01

380 21 6
                                    

-Johanna! Jo! Wstawaj! - mama potrząsała moim ramieniem abym w końcu wstała.

Przetarłam swoje oczy i wstałam z łóżka. Dziś dożynki, kolejni ludzie pojadą na krwawą rzeź do Kapitolu. Jeden chłopak i jedna dziewczyna. Mam cichą nadzieję, że w tym roku i za rok mnie to minie i będę sobie mogła żyć w spokoju, w domu mając może męża i pracując razem z Danii jako drwale w lesie. Ale przecież nadzieja jest matką głupich.

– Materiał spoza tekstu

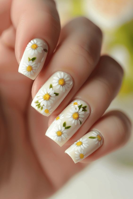 квадратен маникюр маргаритки

Poszłam do łazienki i wzięłam kąpiel, czasami w naszym dystrykcie (czyli rano) puszczają ciepłą wodę, żeby ludzie się nie  pochorowali.

Ubrałam na siebie zwykłą niebieską koszulkę i ciemne spodnie. Włosy przeczesałam starym grzebieniem i udałam się do kuchni. Na stole na talerzu leżały kanapki z serem, a obok szklanka z sokiem pomarańczowym. Uśmiechnęłam się do siebie i usiadłam obok mamy, która czytała gazetę.

- Boisz się? -spytała nie podnosząc wzroku znad pisma.

- Co będzie to będzie. Nie mamy na to wpływu co się wydarzy.

- Jeśli Cię jednak wylosują, obiecaj ,że wygrasz i wrócisz.

- Mamo, nie mogę obiecać, ale się postaram. Pamiętaj, że zawsze będę z Tobą w sercu, co by się nie wydarzyło. A gdy umrę, będę pilnować, żeby Tobie się nic nie stało.

- Kocham Cię Jo.

- Mamo ja też Cię kocham. - powiedziałam i wzięłam się za jedzenie mojego posiłku.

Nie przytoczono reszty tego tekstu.